(Material for this exercise):
★ ★ ★
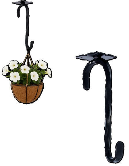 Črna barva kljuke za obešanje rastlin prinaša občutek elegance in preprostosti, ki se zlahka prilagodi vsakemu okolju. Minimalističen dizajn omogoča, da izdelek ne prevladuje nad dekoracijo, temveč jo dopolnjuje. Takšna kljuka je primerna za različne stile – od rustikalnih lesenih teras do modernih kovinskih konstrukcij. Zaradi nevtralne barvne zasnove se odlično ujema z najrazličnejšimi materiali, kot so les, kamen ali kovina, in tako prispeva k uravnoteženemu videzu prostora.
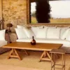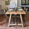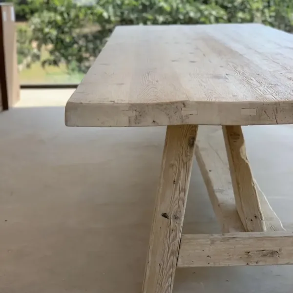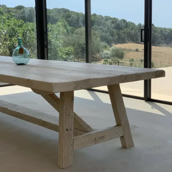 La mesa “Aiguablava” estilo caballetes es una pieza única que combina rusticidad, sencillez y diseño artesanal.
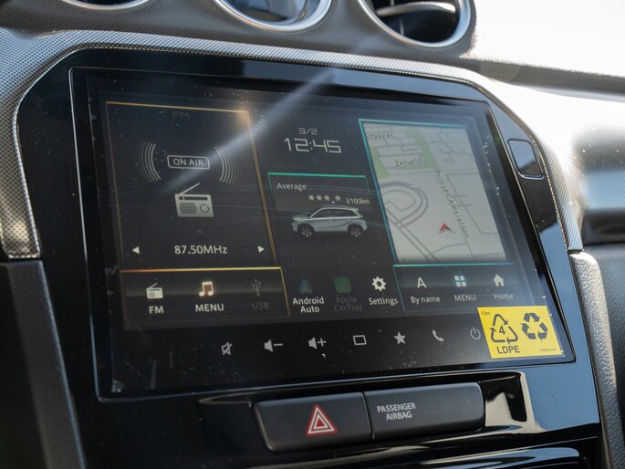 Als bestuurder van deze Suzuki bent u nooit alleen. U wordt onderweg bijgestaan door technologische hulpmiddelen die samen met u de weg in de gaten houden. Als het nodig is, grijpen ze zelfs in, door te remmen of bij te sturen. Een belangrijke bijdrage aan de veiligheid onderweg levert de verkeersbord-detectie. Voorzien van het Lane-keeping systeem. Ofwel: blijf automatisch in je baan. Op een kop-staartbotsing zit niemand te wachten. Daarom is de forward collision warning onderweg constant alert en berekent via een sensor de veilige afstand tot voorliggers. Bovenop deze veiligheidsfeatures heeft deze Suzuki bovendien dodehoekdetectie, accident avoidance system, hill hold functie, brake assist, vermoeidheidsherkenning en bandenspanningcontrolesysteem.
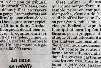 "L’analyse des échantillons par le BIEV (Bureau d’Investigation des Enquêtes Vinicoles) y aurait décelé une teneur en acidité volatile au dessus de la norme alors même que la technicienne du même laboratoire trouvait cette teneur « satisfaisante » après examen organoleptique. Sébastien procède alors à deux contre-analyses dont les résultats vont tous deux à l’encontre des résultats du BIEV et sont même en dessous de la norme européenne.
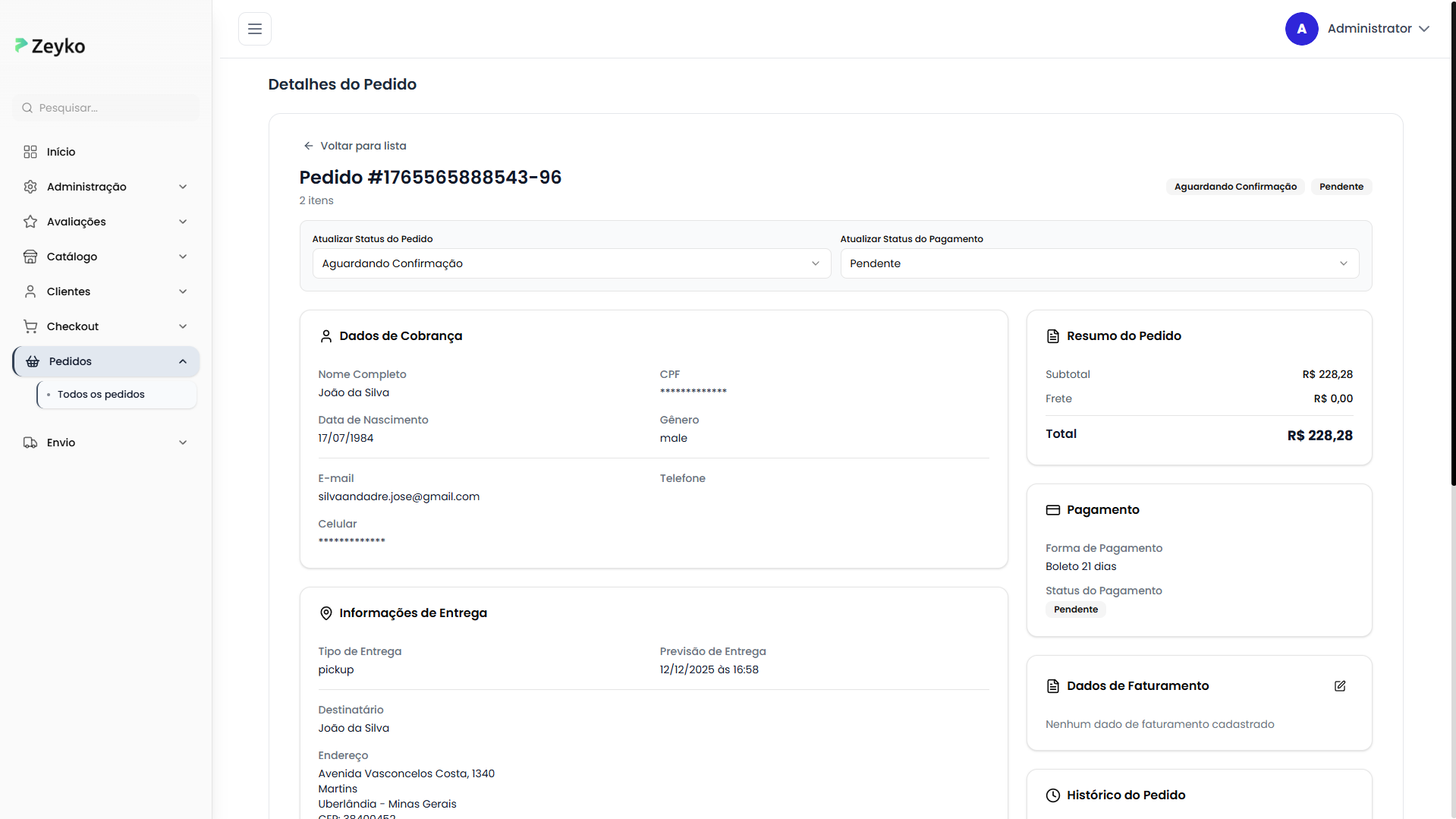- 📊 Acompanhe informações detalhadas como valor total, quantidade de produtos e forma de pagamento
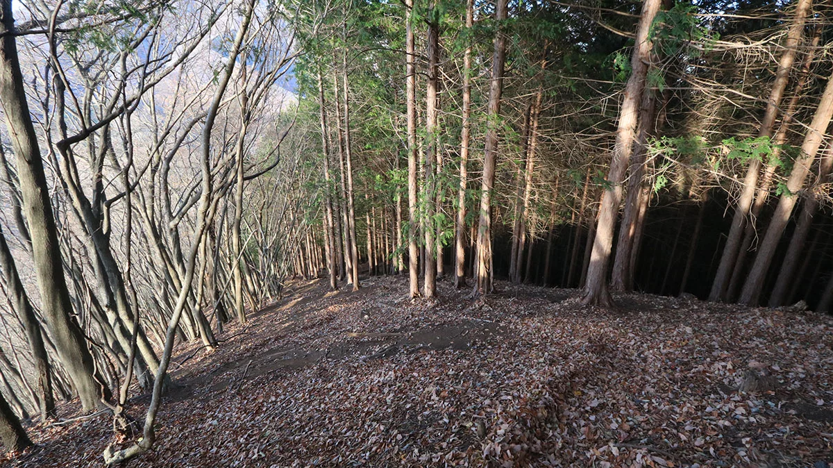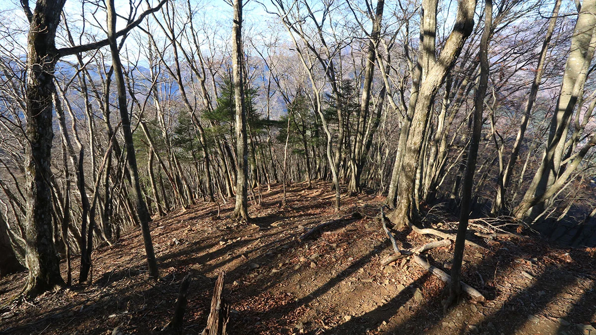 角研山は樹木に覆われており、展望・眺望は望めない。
★ ★ ★
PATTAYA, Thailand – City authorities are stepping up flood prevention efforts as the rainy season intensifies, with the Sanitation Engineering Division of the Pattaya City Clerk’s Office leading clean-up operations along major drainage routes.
★ ★ ★
When copying from the data above, print only the lines from the line containing "la norme européenne." to the line containing "角研山は樹木に覆われており、展望・眺望は望めない。", exactly, and leave the pictures out.

(Exercise solution):
 "L’analyse des échantillons par le BIEV (Bureau d’Investigation des Enquêtes Vinicoles) y aurait décelé une teneur en acidité volatile au dessus de la norme alors même que la technicienne du même laboratoire trouvait cette teneur « satisfaisante » après examen organoleptique. Sébastien procède alors à deux contre-analyses dont les résultats vont tous deux à l’encontre des résultats du BIEV et sont même en dessous de la norme européenne.
- 📊 Acompanhe informações detalhadas como valor total, quantidade de produtos e forma de pagamento
 角研山は樹木に覆われており、展望・眺望は望めない。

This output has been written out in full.